In this post I wanted to start to share my perspective on what makes WFH work, both from the perspective of the employee who works from home and the leader who has remote (or virtual) team members. To that end, over the next few weeks I will share a series of hints & tips. Hopefully some of them will prove useful and others may have you thinking Doh! :-)
Lesson #1: Be Visible
Working from home has the potential to be isolating. This can impact your access to people and ideas, and make you invisible to the organization. Not a good position to be in. However all is not loss, and in fact with the right strategy WFH can make you vibrantly visible at an international level. All you have to do is:
- Be active, not passive!
Reach out to your colleagues on a daily basis across the most appropriate digital channels. I’m not suggesting you start spamming them; just let them know you are there to help, or share interesting articles, ideas, introduce them to people, update them on projects, be that source of all knowledge that no-one can live without :-)
- Think globally, not locally!
If digital channels are your primary form of communication, and you are willing to be flexible on time-zones (not as difficult as it sounds), then location becomes irrelevent. Reaching out to John from the New York office or Jane from the Dublin one is as simple as dialing a number or clicking on an instant message icon.

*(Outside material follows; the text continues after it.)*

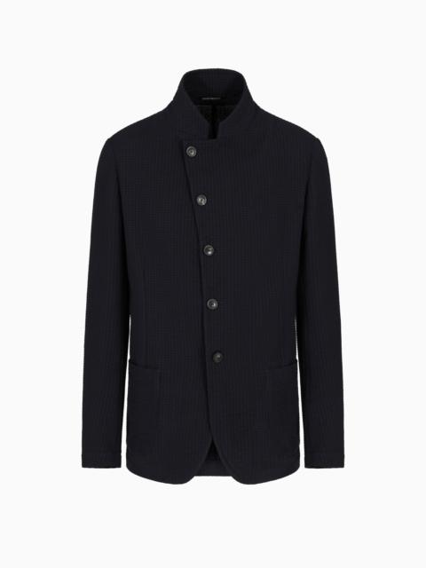 GURU-COLLAR JACKET WITH OFF-CENTRE FASTENING IN ARMURE VIRGIN WOOL
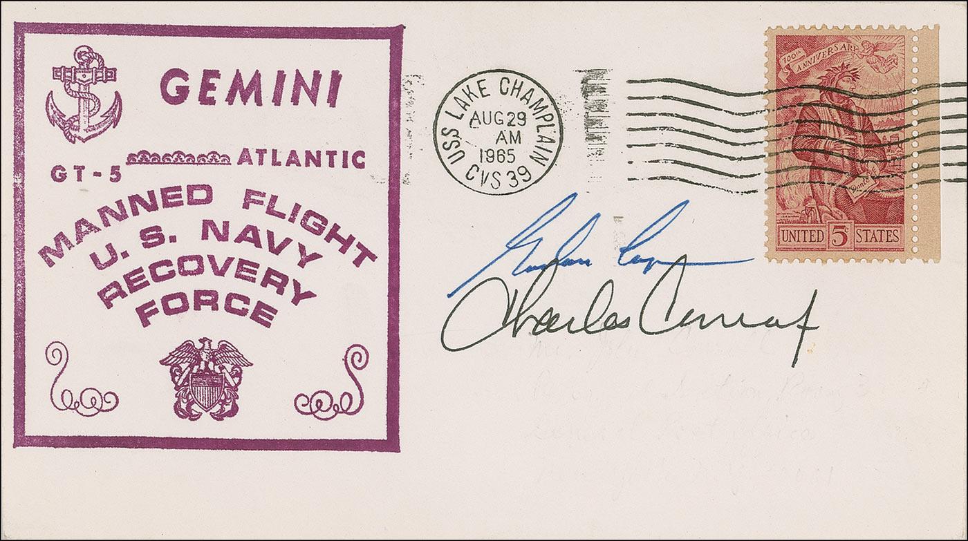 Gemini 5 prime recovery cover with a cachet honoring the naval recovery force of Gemini 5, signed in blue ink by Gordon Cooper and in black ink by Charles Conrad. In fine condition, with light remnants of an erased address.

- Virtual can be personal!
Don’t think of digital channels as being sterile, they are only as sterile as you choose to make them. Whether its adding some great emoticons to your instant messaging client, sharing an excellent dilbert cartoon, or giving someone a virtual pat-on-the-back for a job well done, it is possible to make virtual personal. In fact I believe its critical that you build close relationships through these channels, and all that it takes is a little imagination.